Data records

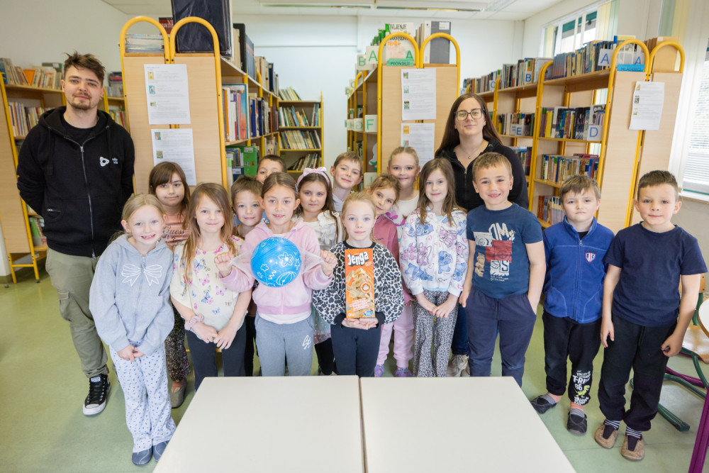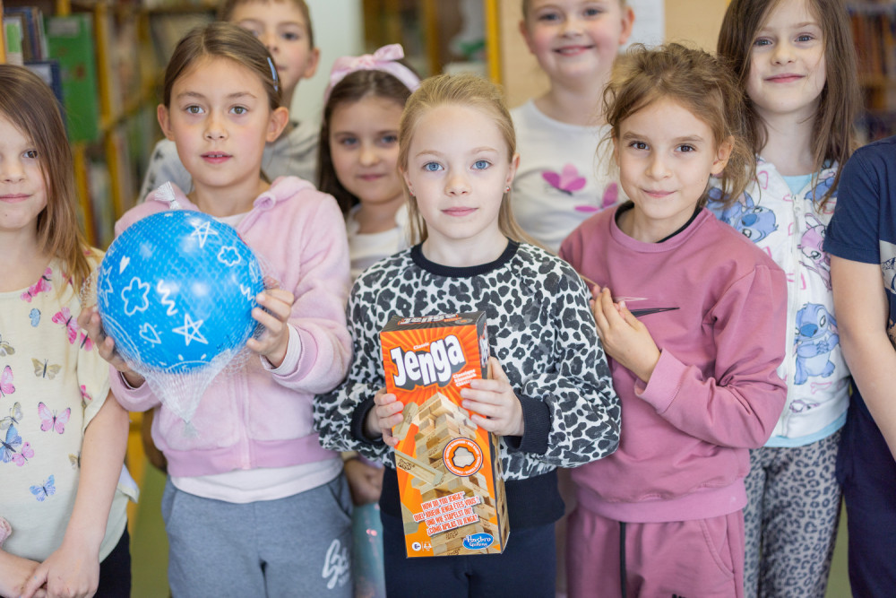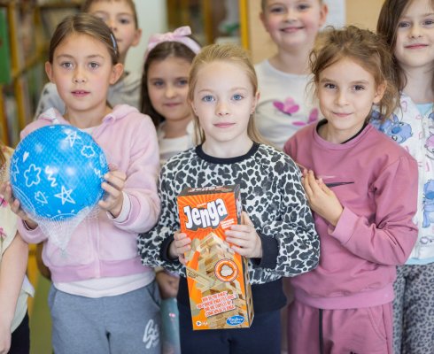 Drugošolce so razveselili z leseno igračo Jenga, ki spodbuja razvoj fine motorike, razvoj senzoričnih sposobnosti, kognitivni in socialni razvoj ter žogo, s katero bodo urili svojo fizično pripravljenost.
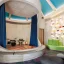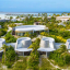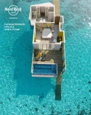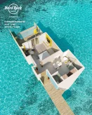 Вилла на воде. Спальня с кроватью king-size и балдахином, гостиная с обеденной зоной, музыкальным автоматом и прозрачной панелью в полу для наблюдения за жизнью океана, кухня, ванная комната с ванной и душевой кабиной, душ на открытом воздухе, терраса с бассейном, гамаком над водой, обеденной зоной на открытом воздухе и баром, стилизованным под фургончик, прямой спуск к воде, частный причал. Гостиная и спальня разделены дверью.
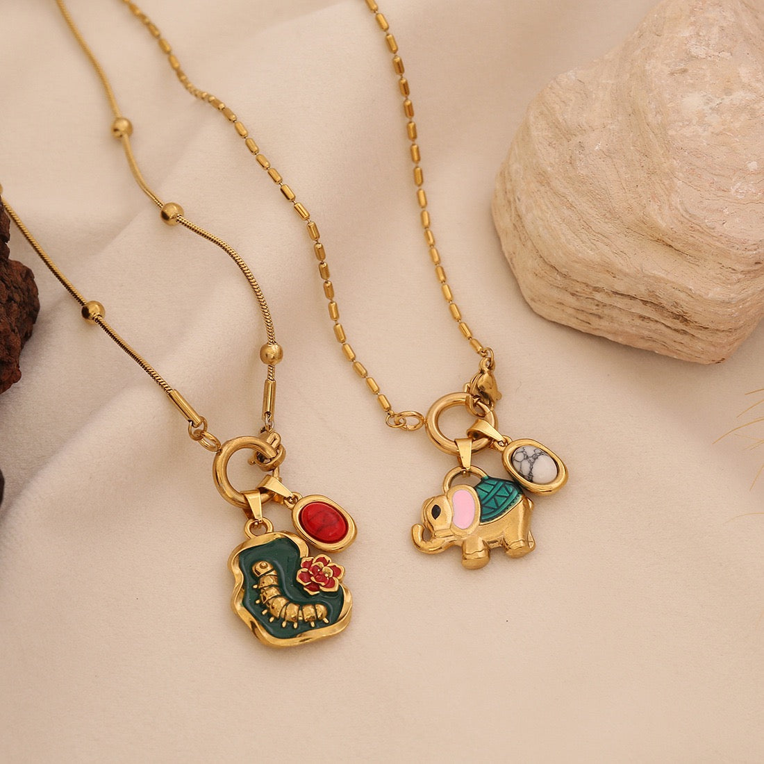 TheĀ Vintage Elephant Charm NecklaceĀ captures the wonder of the natural world ā charming, symbolic, and beautifully nostalgic. Featuring an intricately designed elephant surrounded by playful caterpillar and dragonfly motifs, itās a celebration of lifeās quiet magic and gentle strength.
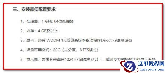 3、安装系统的电脑硬件最低配置要求
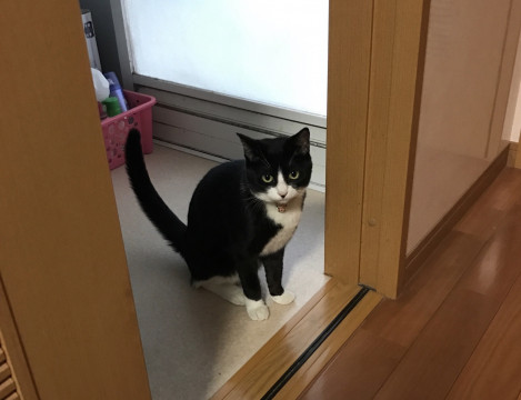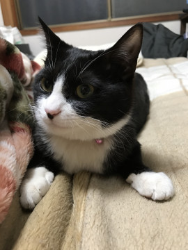 白黒のハチワレの女の子で、鼻はピンクで鼻先だけ黒いです。尻尾は黒くてまっすぐで長いです。ピンクのノミ取り首輪をしていて大きめの鈴が付いています。体重は3〜4キロぐらいです。生まれつき心臓に疾患があるようで、疲れやすいです。
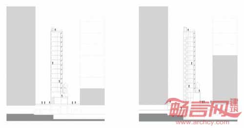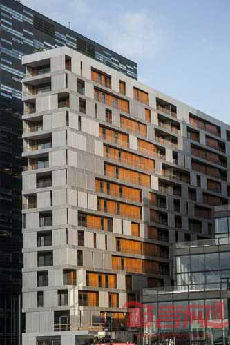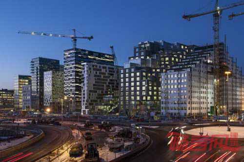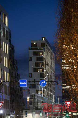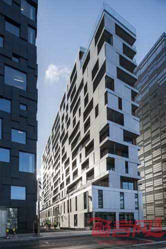 用地局限几乎是最能激发设计师创造力的条件。位于挪威奥斯陆的MAD住宅建筑场地宽度仅为11米,这样狭窄的场地对于15层住宅楼可谓捉襟见肘。住宅楼两旁两栋16层建筑进一步凸显了场地局促,这就要求设计师必须别出心裁,出奇制胜。
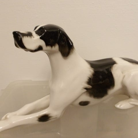 Kettuterrieri patsas figuuri Lomonosov USSR. Pituus noin 16 cm, korkeus noin 17 cm. Nouto / lähetys ostajan lukuun.

## EXERCISE
Copy out each record word for word and omit any pictures.

## ANSWER TO THE PROBLEM
 Drugošolce so razveselili z leseno igračo Jenga, ki spodbuja razvoj fine motorike, razvoj senzoričnih sposobnosti, kognitivni in socialni razvoj ter žogo, s katero bodo urili svojo fizično pripravljenost.
 Вилла на воде. Спальня с кроватью king-size и балдахином, гостиная с обеденной зоной, музыкальным автоматом и прозрачной панелью в полу для наблюдения за жизнью океана, кухня, ванная комната с ванной и душевой кабиной, душ на открытом воздухе, терраса с бассейном, гамаком над водой, обеденной зоной на открытом воздухе и баром, стилизованным под фургончик, прямой спуск к воде, частный причал. Гостиная и спальня разделены дверью.
 TheĀ Vintage Elephant Charm NecklaceĀ captures the wonder of the natural world ā charming, symbolic, and beautifully nostalgic. Featuring an intricately designed elephant surrounded by playful caterpillar and dragonfly motifs, itās a celebration of lifeās quiet magic and gentle strength.
 3、安装系统的电脑硬件最低配置要求
 白黒のハチワレの女の子で、鼻はピンクで鼻先だけ黒いです。尻尾は黒くてまっすぐで長いです。ピンクのノミ取り首輪をしていて大きめの鈴が付いています。体重は3〜4キロぐらいです。生まれつき心臓に疾患があるようで、疲れやすいです。
 用地局限几乎是最能激发设计师创造力的条件。位于挪威奥斯陆的MAD住宅建筑场地宽度仅为11米,这样狭窄的场地对于15层住宅楼可谓捉襟见肘。住宅楼两旁两栋16层建筑进一步凸显了场地局促,这就要求设计师必须别出心裁,出奇制胜。
 Kettuterrieri patsas figuuri Lomonosov USSR. Pituus noin 16 cm, korkeus noin 17 cm. Nouto / lähetys ostajan lukuun.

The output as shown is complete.